Eight teens, that’s a lot of teens, probably over 50 percent of the total teenage American population. I already fear for all of our lives.
While this news story could be effective on a parent with a distant relationship to his or her own child and trusts scare pieces by ratings-hungry networks and websites over their own children, it likely wont work on anyone with a critical thought.
The story also buried the real news of this story.
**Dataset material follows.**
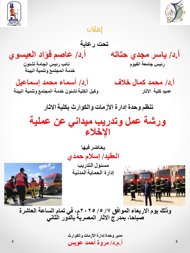 The Crisis and Disaster Management Unit organized a workshop and field training on evacuation procedures, delivered by Lt. Colonel Islam Hamdy, Civil Protection Training Officer, on Wednesday, 7 May 2025, at 10:00 a.m., in the Egyptian Antiquities Lecture Hall, 2nd Floor."

According to the American Association of Poison Control Centers, the substances most frequently involved in teen poisonings in 2010 (the most recent data available) were:
Ibuprofen — 10,030 calls
Selective Serotonin Reuptake Inhibitors (Antidepressants such as Paxil, Prozac and Zoloft) — 8,419 calls
Acetaminophen (adult formula) — 7,995 calls
Atypical Antipsychotics (Ablify, Risperdal) — 7,319 calls
Benzodiazepines (Valium, Xanax) — 7,192
Alcohol — 5,061 calls
Source: AAPCC
Scandal! As a young journalist myself, I will write a local new scare piece about all of the teenagers trying to get their fix from Ibuprofen.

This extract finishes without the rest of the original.